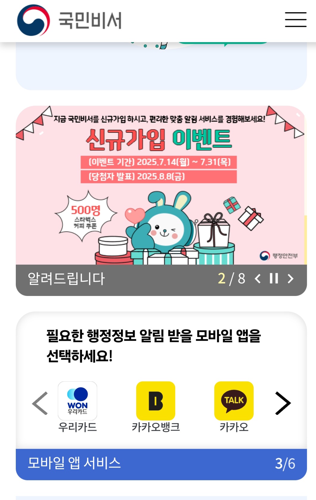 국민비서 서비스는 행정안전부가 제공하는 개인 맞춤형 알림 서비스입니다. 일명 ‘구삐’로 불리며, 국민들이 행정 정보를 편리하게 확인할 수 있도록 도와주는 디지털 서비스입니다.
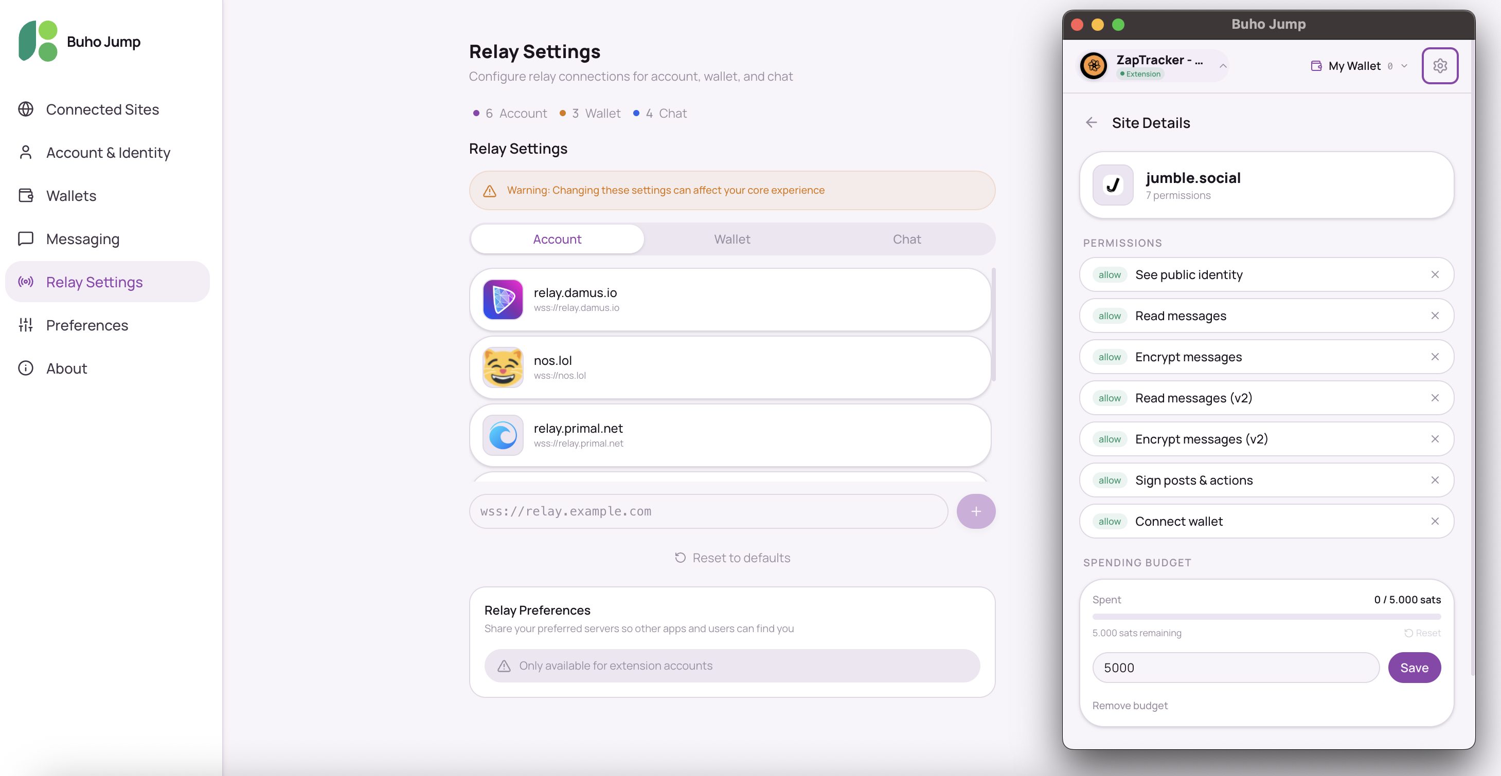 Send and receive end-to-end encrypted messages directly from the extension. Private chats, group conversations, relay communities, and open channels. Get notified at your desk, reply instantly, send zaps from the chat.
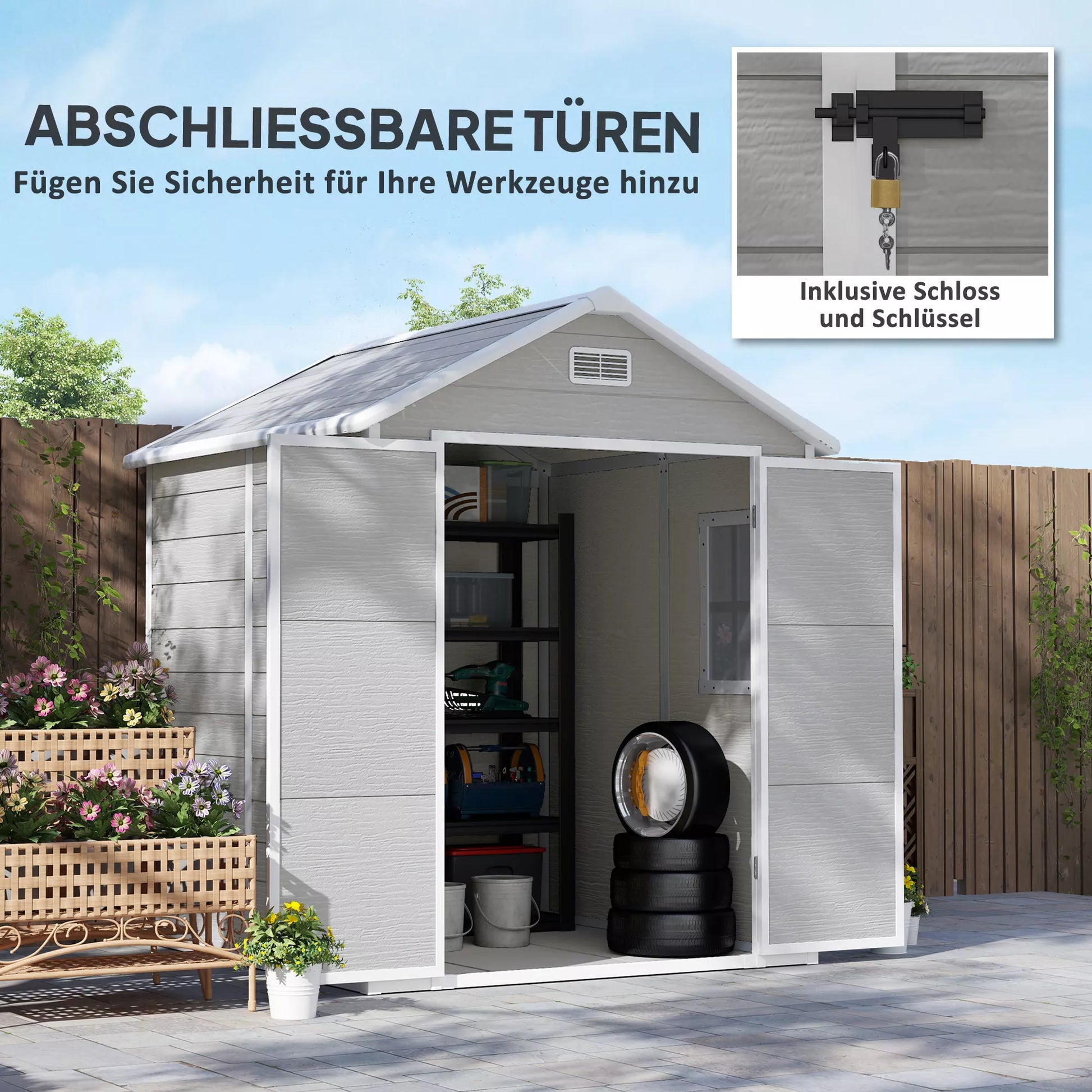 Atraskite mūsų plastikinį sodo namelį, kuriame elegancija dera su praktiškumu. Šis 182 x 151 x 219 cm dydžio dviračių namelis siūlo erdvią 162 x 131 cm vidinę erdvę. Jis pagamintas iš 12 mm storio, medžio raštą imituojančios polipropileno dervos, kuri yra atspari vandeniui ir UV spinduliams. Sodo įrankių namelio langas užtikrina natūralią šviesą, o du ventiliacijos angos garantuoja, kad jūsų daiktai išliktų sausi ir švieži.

--

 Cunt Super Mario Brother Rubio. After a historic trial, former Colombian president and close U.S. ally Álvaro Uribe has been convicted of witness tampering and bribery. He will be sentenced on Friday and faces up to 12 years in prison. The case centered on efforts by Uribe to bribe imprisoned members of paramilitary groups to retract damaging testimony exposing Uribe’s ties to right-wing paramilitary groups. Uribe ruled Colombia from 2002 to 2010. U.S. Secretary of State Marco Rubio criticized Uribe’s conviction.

== EXERCISE GOAL ==
Look above for the line with "국민비서 서비스는 행정안전부가" and the line with "Send and receive", then copy them and all lines in between exactly as written, and only those, without any pictures.

== RESULT BELOW ==
 국민비서 서비스는 행정안전부가 제공하는 개인 맞춤형 알림 서비스입니다. 일명 ‘구삐’로 불리며, 국민들이 행정 정보를 편리하게 확인할 수 있도록 도와주는 디지털 서비스입니다.
 Send and receive end-to-end encrypted messages directly from the extension. Private chats, group conversations, relay communities, and open channels. Get notified at your desk, reply instantly, send zaps from the chat.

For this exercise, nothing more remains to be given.